Stress and Fracture Analyses of Solar Silicon Wafers During Suction Process and Handling

[+] Author and Article Information
S. Saffar

Department of Structural Engineering,
Norwegian University of Science and Technology,
Trondheim 7491, Norway

S. Gouttebroze

SINTEF Materials and Chemistry,
Oslo 0314, Norway

Z. L. Zhang

Department of Structural Engineering,
Norwegian University of Science and Technology,
Trondheim 0314, Norway

Contributed by the Solar Energy Division of ASME for publication in the JOURNAL OF SOLAR ENERGY ENGINEERING: INCLUDING WIND ENERGY AND BUILDING ENERGY CONSERVATION. Manuscript received February 11, 2014; final manuscript received November 24, 2014; published online January 8, 2015. Assoc. Editor: Santiago Silvestre.
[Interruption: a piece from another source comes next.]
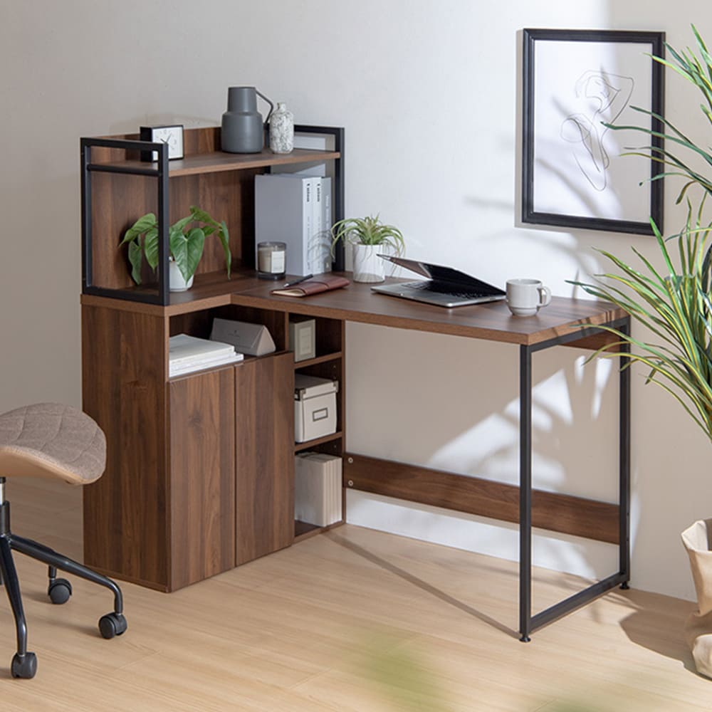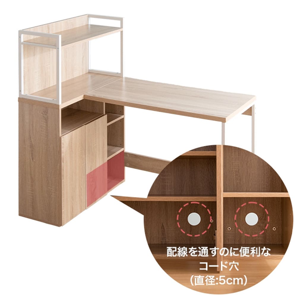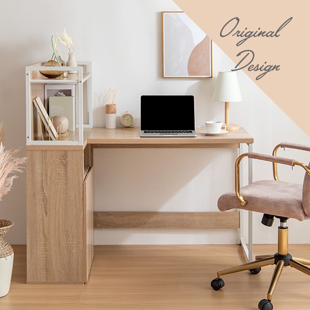 オープンラックと扉収納を備え、デスク周りに必要なものをすっきりと纏めることができます。

J. Sol. Energy Eng 137(3), 031010 (Jun 01, 2015) (6 pages) Paper No: SOL-14-1060; doi: 10.1115/1.4029451 History: Received February 11, 2014; Revised November 24, 2014; Online January 08, 2015

Solar wafer/cell breakage depends on the combination of the stresses generated in the handling and the presence of structural defects such as cracks. Suction process is a common loading during silicon wafer handling. This paper presents a systematic static and dynamic analysis of the suction process. Optimum suction pad diameter and locations are obtained by minimizing the stress distribution under both static and dynamic loading, and the effect of the impact time on the crack driving force is also investigated in this optimum situation. The results show that the four pads configuration with diameter of 20 mm placed in a rhombus shape with 18 and 38 mm diagonal lengths yields lowest maximum principle stress among the cases analyzed. In the dynamic fracture analyses, the maximum J integral appears at 800 and 1400 μs for continued holding and unloading cases after reaching the maximum load, respectively. The J integral for the unloading cases are always smaller than the holding cases. It has been found that when the impact time is longer than 3 s and 5600 μs the dynamic fracture mechanics analysis of the suction impact process can be replaced by a static fracture mechanics analysis for the holding and unloading cases, respectively.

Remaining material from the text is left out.